I don't want to turn this blog into the Chronicle's loyal (or not so loyal) opposition, but this caught my attention today.
The Mediocre Professor. Shorter Chronicle: Professor Mediocre laments his mediocrity. Some might find this depressing, but I find it irritating. He wants suggestions? I've got suggestions.
Take some vitamins and show a little energy. The students respond to your energy. If all you're showing them is sighs and ennui, guess what they'll reflect back to you?
If you speak the way you write, try turning your efforts outward instead of inward: the point of teaching is communicating directly, not being Henry James with well-turned sentences. I'm not criticizing your writing; I'm just saying that teaching demands something different.
Teaching is like playing tennis, not like performing Hamlet. Students are not interested in watching you dramatically stare out the window as you ponder self-doubt and despair; leave that to the student from Wittenberg. They're adolescents, or just out of adolescence. They have enough self-doubt and despair for the both of you. It's your job to get them to hit the ball back and keep the discussion going. If they don't hit the first one, lob another. They want to talk about the literature, but you may not have served them something that they can respond to. Try a different approach.

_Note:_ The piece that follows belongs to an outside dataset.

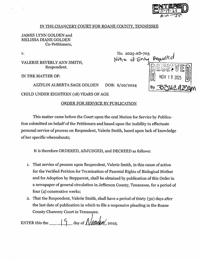 PUBLIC NOTICE – James Lynn Golden and Melissa Diane Golden, v. Valerie Beverly Ann Smith, Order For Service By Publication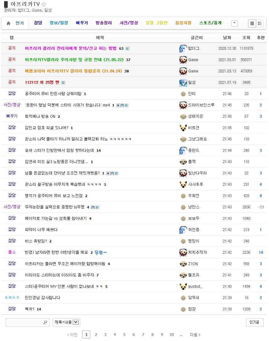 아프리카TV하면 가장 먼저 떠올리는것이 바로 별풍선이다. 아프리카tv는 1인 인터넷 방송의 원조격으로 철구, 감스트, 케이 등 한번쯤 들어본 유명BJ들이 있는 곳이다. 펨코 내 아프리카tv게시판은 2020년 7월 인방갤에서 투표를 통해 아프리카tv 게시판을 원하는 이들의 찬성표로 게시판이 개설되었다고 한다.

If you really think the students are right and that the humanities are a dying carcass, have you thought about doing something that you would really like to do and giving your spot up to one of the eager hordes of Ph.D. jobseekers out there? I don't want to sound too much like Willy Loman, but in a way part of your job is to sell the humanities. You can't sell a product that you don't believe in.
All those laments about "digital twitterings" are a red herring. If you think the students are uniquely indifferent nowadays, you should look back at the laments about students from ancient times to the present.
Also, "digital" means a different form of expression, not a killer technology that swallows up books. This isn't a deathmatch between digital media and the humanities, however much the news media like to propose that it is. They're in love with the "digital natives" idea and celebrity culture, too, but that doesn't mean that they're right.
In fact, that isn't a bad starting place for a discussion with your class. How about it?
4 comments:
This article made me both depressed _and_ mad!
Seriously, I love teaching and I have no job next year! Can I have this guys ktxbai?
The thing is, this guy is going to seem deep to a small cadre of groupies, and that's going to keep his whole career going.
My heart stopped reading his blog, and not in the way one's heart stops due to an epiphany. No, the way one's heart stops, I imaging, at the age of 102, in the middle of the night, when one knows it's ending, its over, and the light fades.
Unfortunately for his students, instead of dieing he continues to get up in front of them.
A most pathetic tragedy.
Sisyphus, you'd think he'd be happy to hand over his job, if that's how it makes him feel. He wouldn't be the first person to leave academe because he doesn't like it, and there's no shame in not being cut out for undergraduate teaching.
Carl, they may think he's deep, but all I can see is that he's deep in self-pity. Maybe I've watched too many Hollywood movies, but this is the place where some sage elder tells the Jimmy Stewart character to step up and show some gumption instead of settling for mediocrity.
Clairvoy, I think that's why I mentioned the vitamins; something about this post just drained the energy right out of me.